→ Extracted data entries
- - - - -
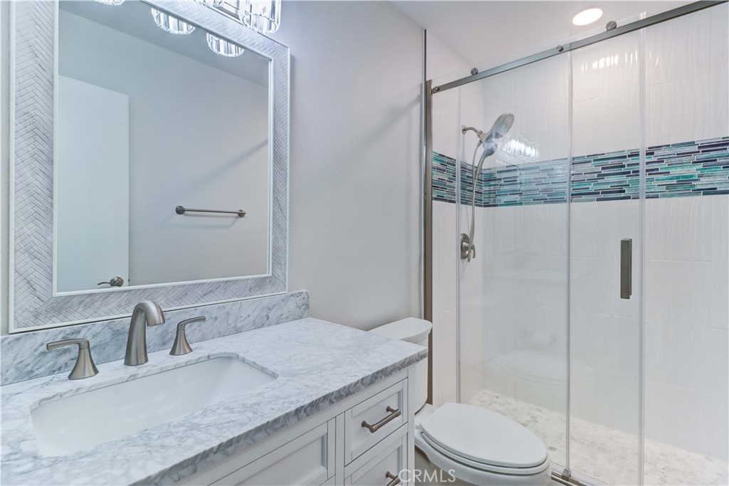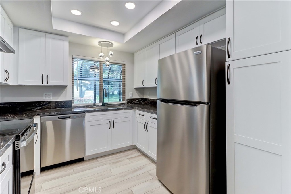 LOCATION! LOCATION! LOCATION! THIS ONE IS A BEAUTY!! ABSOLUTELY STUNNING REMODEL WITH OVER $80K IN UPGRADES!! Very Popular Newport Model-2 Br Ground Floor Condo with a PRIME Location. Located Directly across from the Main Rec Ctr yet it is located off the back of the Bldg Providing Privacy & giving you the Best of Both Worlds. Gorgeous Greenbelt & Tree Views out the Windows of the Solarium Rm, Kitchen and Living Rm. Enjoy the Extra Sq Ft of Living Space with the Added Solarium Rm. The lights on the Solarium Rm convert to Ceiling Fans. Gorgeous Kitchen Remodel with All New White Cabinetry, Tasteful Hardware, Pullouts, Recessed Lighting, Stainless Sink, Modern Gooseneck Faucet, Granite Countertops, Stainless Steel Kitchen Appliances including a GE ceramic top Range with Modern Exhaust Hood and Backsplash. New Luxury Vinyl Plank Flooring & Tall Baseboards Throughout. Scraped Ceilings. Both Baths have been Completely Remodeled including Showers & Exhaust Fans. The Lighting throughout offers Such Elegance. Dual Paned Windows and Sliding Glass Door off the Living Rm. This floorplan features a Huge Walk in Closet in the Primary Br with added shelving to utilize the space. New Blinds Throughout. This is an Opportunity to have a Coveted Ground Floor 2 Br w/o the Single Story Price. Private Laundry closet with included New Washer and Dryer right off the Patio Enclosed w/a Solarium Rm. Condo has been Repiped. Guest Parking, Garage and Mailbox are located Near the Condo. Feels Like Being at a Resort with a Fabulous Recreation Center. 2 Pools, 2 Spas with Main Rec Center Pool being almost Olympic Size! Tennis Courts, Pickelball Courts, Ping Pong, Dances, Trips, Movies, Clubs, Parties, Concerts, Fitness Center, Fitness classes-Water Aerobics, Yoga & Zumba, Woodshop, Chorale, Quilters, Art & Ceramics Clubs & Classes, Billiards, Putting Green, Library & Much More. Well Maintained Grounds with Mature Trees. Hunt Landmark is located close to the Post Office and Grocery Store and Famous Beaches of Huntington Beach. Near the HB Pier, Downtown Area & Pacific City. You are Close to Shopping and Post Office. 24 Hr Guard Gated 55+ Community Near the Ocean (Approx.1.2 Miles)
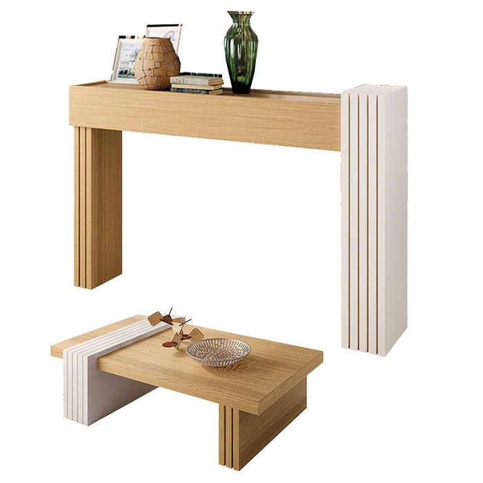 Aparador Astro e Mesa de Centro Luna Freijó Off White – Hb Móveis
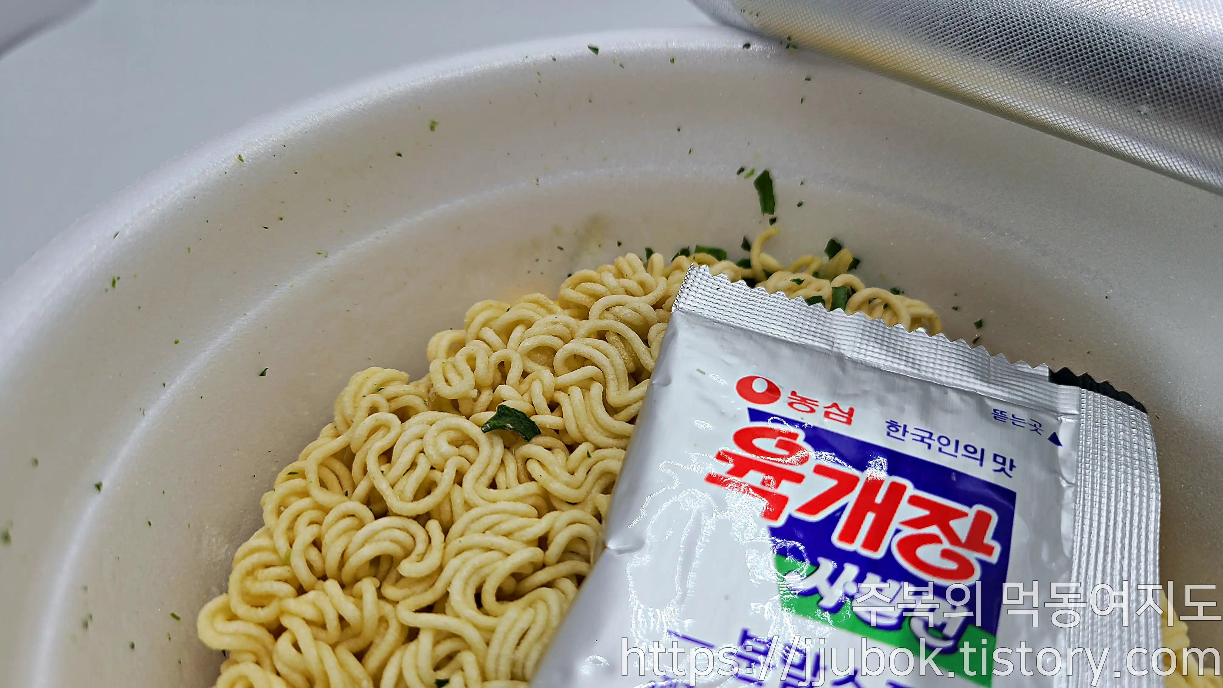 육개장 사발면 뚜껑에 3분이라고 적혀있긴 하지만.. 3분을 정확하게 전부 채우면 안 그래도 얇은 면발이 쉽게 불어버려.. 저는 대략 1분 30초 정도 기다렸다가 면이 스낵이지만 스낵같지 않을때쯤 먹기 시작합니다..ㅎㅎ
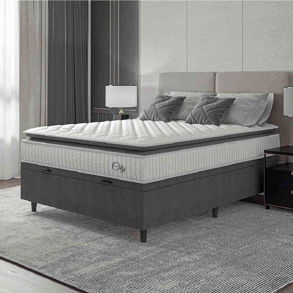 MODELO: Cama Box Baú Casal Colchão Molas Ensacadas City Pillow Top 138x188x64cm
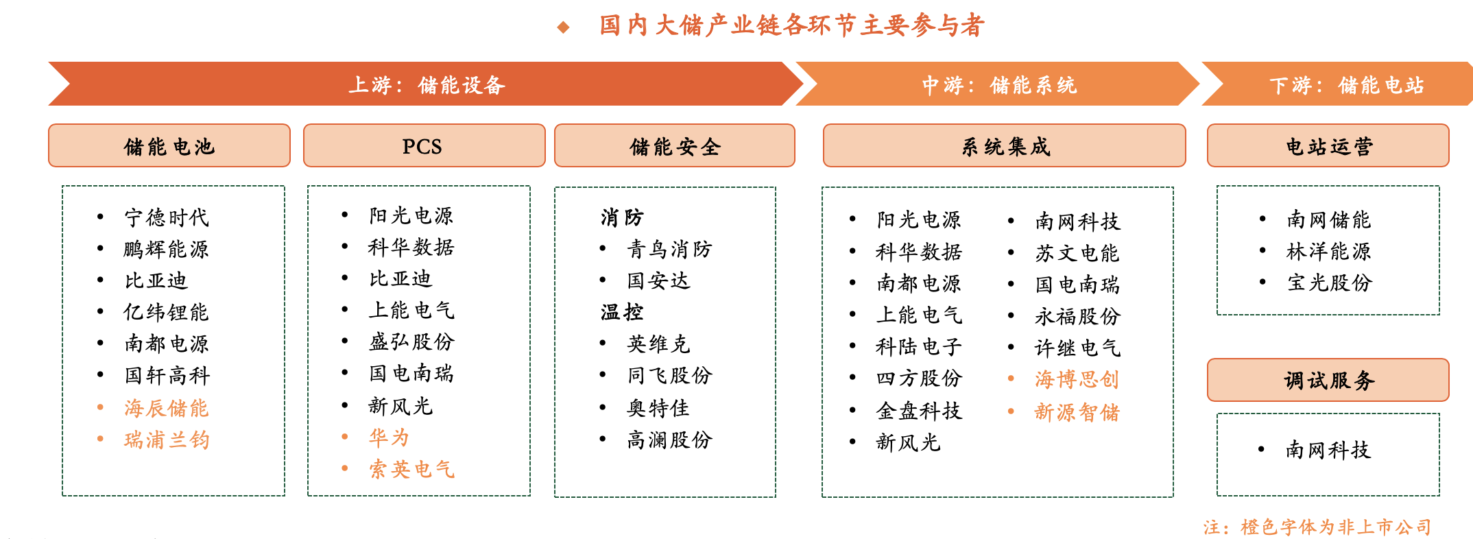 大儲產(chǎn)業(yè)鏈主要包括上游儲能設(shè)備、中游系統(tǒng)集成、下游電站等環(huán)節(jié)。儲能電池和PCS是大儲產(chǎn)業(yè)鏈價值量最大的兩個環(huán)節(jié),陳驍?shù)热苏J(rèn)為,儲能電池絕對龍頭寧德時代,第二梯隊比亞迪、鵬輝能源、億緯鋰能、國軒高科、南都電源、海辰儲能等有望借國內(nèi)大儲市場加速贏得動力電池之外的第二成長曲線。國內(nèi)大儲PCS頭部企業(yè)陽光電源、科華數(shù)據(jù)、上能電氣、盛弘股份、國電南瑞、新風(fēng)光等在裝機(jī)提速+毛利改善下業(yè)績有望受益。
- - - - -
→ Exercise instructions
For this exercise, the lines from the one containing "육개장 사발면 뚜껑에" through the last line of the entries above are to be output exactly, both included, and pictures are skipped.

→ Answer
 육개장 사발면 뚜껑에 3분이라고 적혀있긴 하지만.. 3분을 정확하게 전부 채우면 안 그래도 얇은 면발이 쉽게 불어버려.. 저는 대략 1분 30초 정도 기다렸다가 면이 스낵이지만 스낵같지 않을때쯤 먹기 시작합니다..ㅎㅎ
 MODELO: Cama Box Baú Casal Colchão Molas Ensacadas City Pillow Top 138x188x64cm
 大儲產(chǎn)業(yè)鏈主要包括上游儲能設(shè)備、中游系統(tǒng)集成、下游電站等環(huán)節(jié)。儲能電池和PCS是大儲產(chǎn)業(yè)鏈價值量最大的兩個環(huán)節(jié),陳驍?shù)热苏J(rèn)為,儲能電池絕對龍頭寧德時代,第二梯隊比亞迪、鵬輝能源、億緯鋰能、國軒高科、南都電源、海辰儲能等有望借國內(nèi)大儲市場加速贏得動力電池之外的第二成長曲線。國內(nèi)大儲PCS頭部企業(yè)陽光電源、科華數(shù)據(jù)、上能電氣、盛弘股份、國電南瑞、新風(fēng)光等在裝機(jī)提速+毛利改善下業(yè)績有望受益。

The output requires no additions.